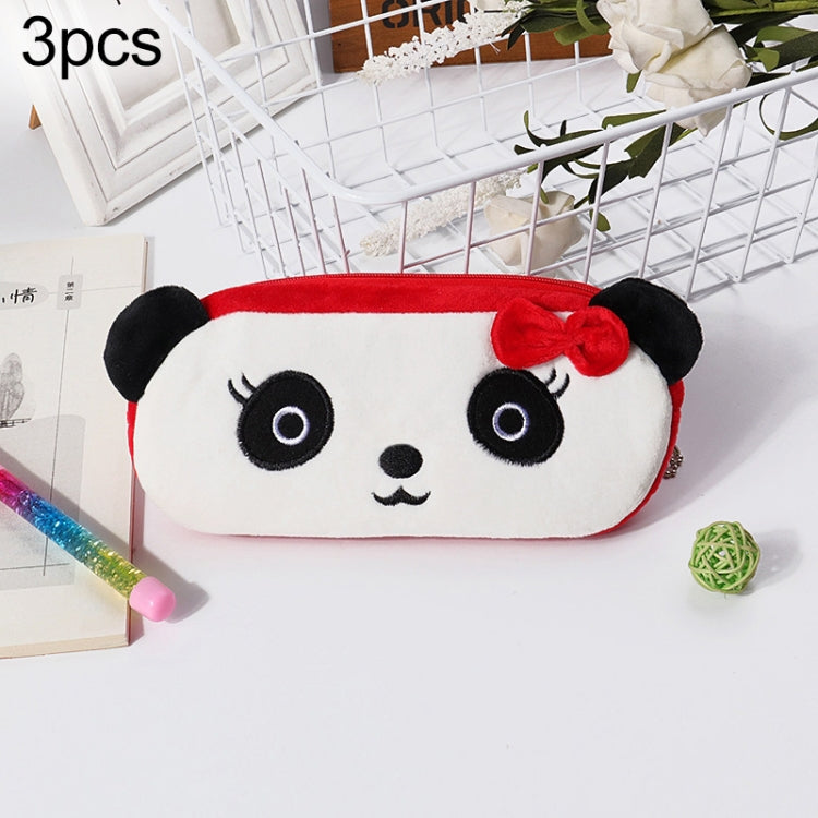 3pcs Children Cute Animal Plush Pencil Bag Stationery Storage Bag, Color: Female Panda
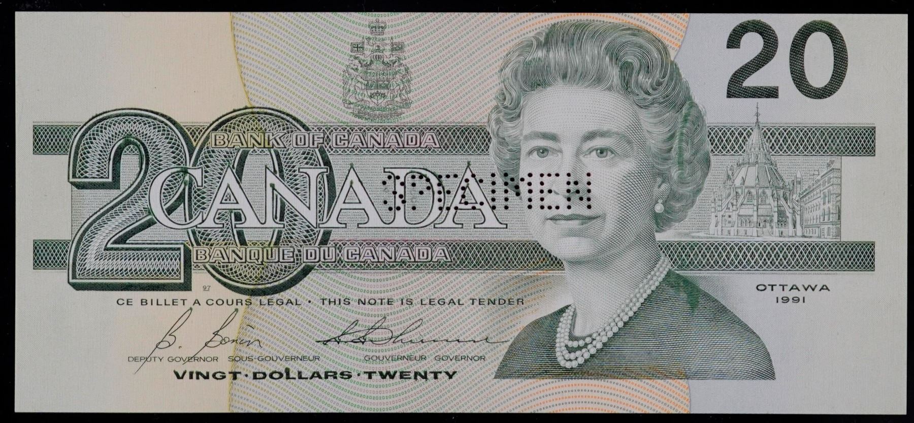 Essay Note; 1991 $20 BC-58b - Polymer DuraNote Specimen (Punched) example w/Full Print. UNC example.
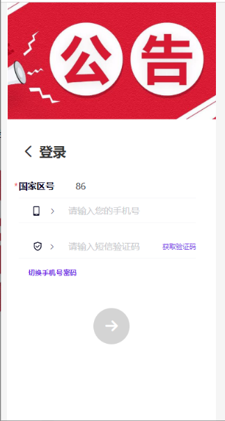 同时勾选手机验证码、密码登录,则优先使用手机验证码登录,同时支持切换密码登录。效果如下:
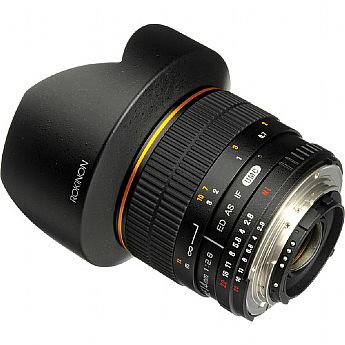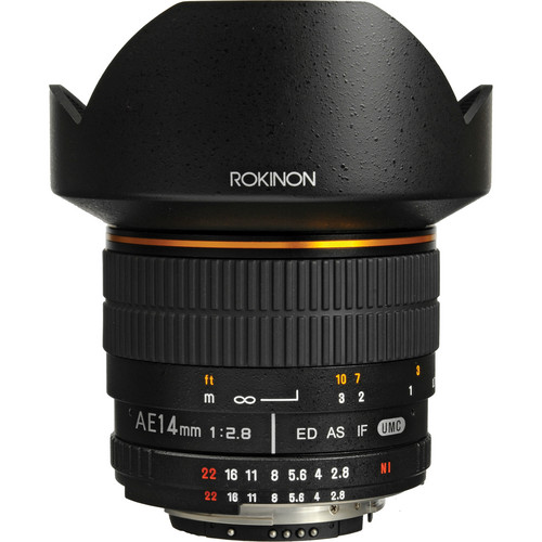 A Lente Rokinon de 14mm Ultra Grande Angular f/2.8 IF ED UMC para Nikon com chip de confirmação de foco fornece uma visão de aproximadamente 115° com resultados dramáticos quando usada com uma câmera digital de quadro inteiro ou câmera de filme 35mm. Ele inclui um chip especial que permite que a lente opere com as funções de confirmação de foco de câmera, exposição automática, medição automática e balanço de branco automático. Com lentes aesféricas híbridas, você produzirá imagens claramente nítidas com o mínimo de distorção e aberrações cromáticas. Essa lente de 14mm de foco manual foca até 0,9' (28cm) de distância da lente e possui um para-sol de lente tipo pétala integrado. Com algumas câmeras, a Trava de Obturador deve ser desativada no menu da câmera.
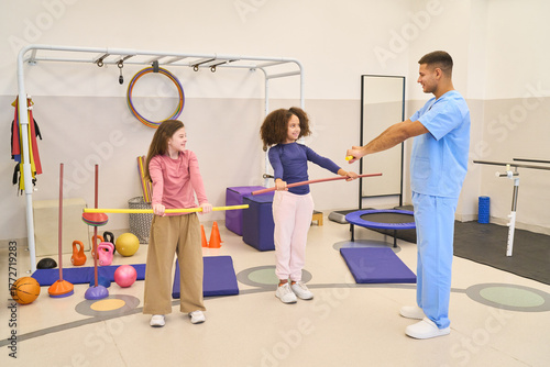 Pediatric physical therapist assisting children with rehabilitation exercises in a clinic, balance training, motor skills development, kids physiotherapy, rehabilitation center
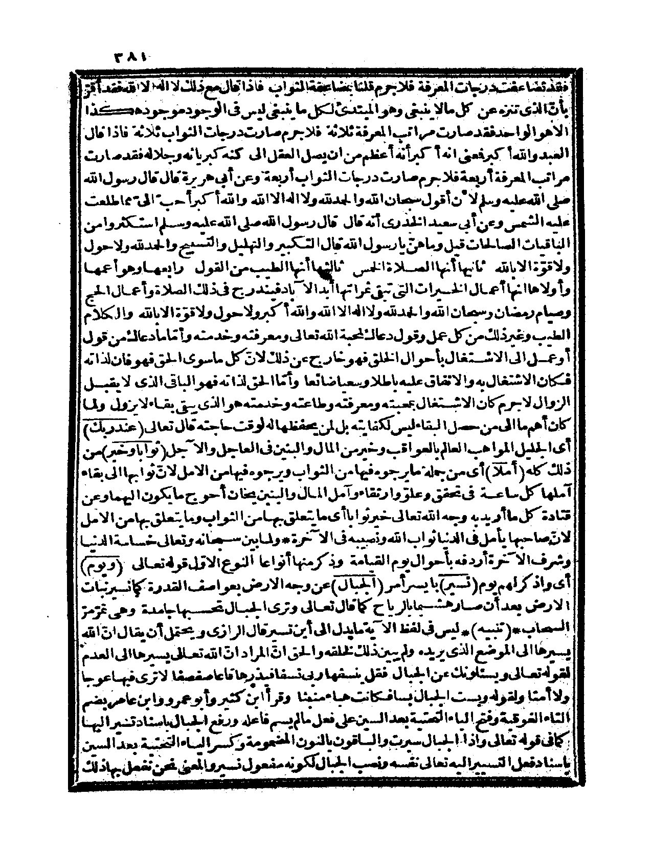 فقد تضاعفت درجات المعرفة فلا جرم قلنا بمضاعفة الثواب فإذا قال مع ذلك: لا إله إلا الله فقد أقر بأن الذي تنزه عن كل ما لا ينبغي وهو المبتدئ لكل ما ينبغي ليس في الوجود موجود هكذا إلا هو الواحد فقد صارت مراتب المعرفة ثلاثة فلا جرم صارت درجات الثواب ثلاثة فإذا قال العبد: والله أكبر فمعنى أنه أكبر أنه أعظم من أن يصل العقل إلى كنه كبريائه وجلاله فقد صارت مراتب المعرفة أربعة فلا جرم صارت درجات الثواب أربعة. وعن أبي هريرة قال: قال رسول الله صلى الله عليه وسلم «لأن أقول سبحان الله والحمد لله ولا إله إلا الله والله أكبر أحب إليّ مما طلعت عليه الشمس» . وعن أبي سعيد الخدري أنه قال: قال رسول الله صلى الله عليه وسلم «استكثروا من الباقيات الصالحات، قيل: وما هنّ يا رسول الله قال: التكبير والتهليل والتسبيح والحمد لله ولا حول ولا قوة إلا بالله» ، ثانيها أنها الصلاة الخمس، ثالثها أنها الطيب من القول، رابعها وهو أعمها، وأولاها أنها أعمال الخيرات التي تبقى ثمراتها أبد الآباد فيندرج في ذلك الصلاة وأعمال الحج وصيام رمضان وسبحان الله والحمد لله ولا إله إلا الله والله أكبر ولا حول ولا قوة إلا بالله والكلام الطيب وغير ذلك من كل عمل وقول دعاك لمحبة الله تعالى ومعرفته وخدمته، وأما ما دعاك من قول أو عمل إلى الاشتغال بأحوال الخلق فهو خارج عن ذلك لأن كل ما سوى الحق فهو فانٍ لذاته فكان الاشتغال به والانفاق عليه باطلاً وسعياً ضائعاً، وأما الحق لذاته فهو الباقي الذي لا يقبل الزوال، لا جرم كان الاشتغال بمحبته ومعرفته وطاعته وخدمته هو الذي يبقى بقاء لا يزول ولما كان أهم ما إلي من حصل البقاء ليس لكفايته بل لمن يحفظها له لوقت حاجته قال تعالى: {عند ربك} أي: الجليل المواهب العالم بالعواقب وخير من المال والبنين في العاجل والآجل {ثواباً وخير} من ذلك كله {أملاً} أي: من جملة ما يرجوه فيها من الثواب

------------------------------------------------------------------------

▶ [WHAT IS NEEDED] Take the records from their first line through the line containing "同时勾选手机验证码、密码登录" and please return exactly those lines, both ends included, minus the pictures.

▶ [RESULT OF THE EXERCISE]
 3pcs Children Cute Animal Plush Pencil Bag Stationery Storage Bag, Color: Female Panda
 Essay Note; 1991 $20 BC-58b - Polymer DuraNote Specimen (Punched) example w/Full Print. UNC example.
 同时勾选手机验证码、密码登录,则优先使用手机验证码登录,同时支持切换密码登录。效果如下:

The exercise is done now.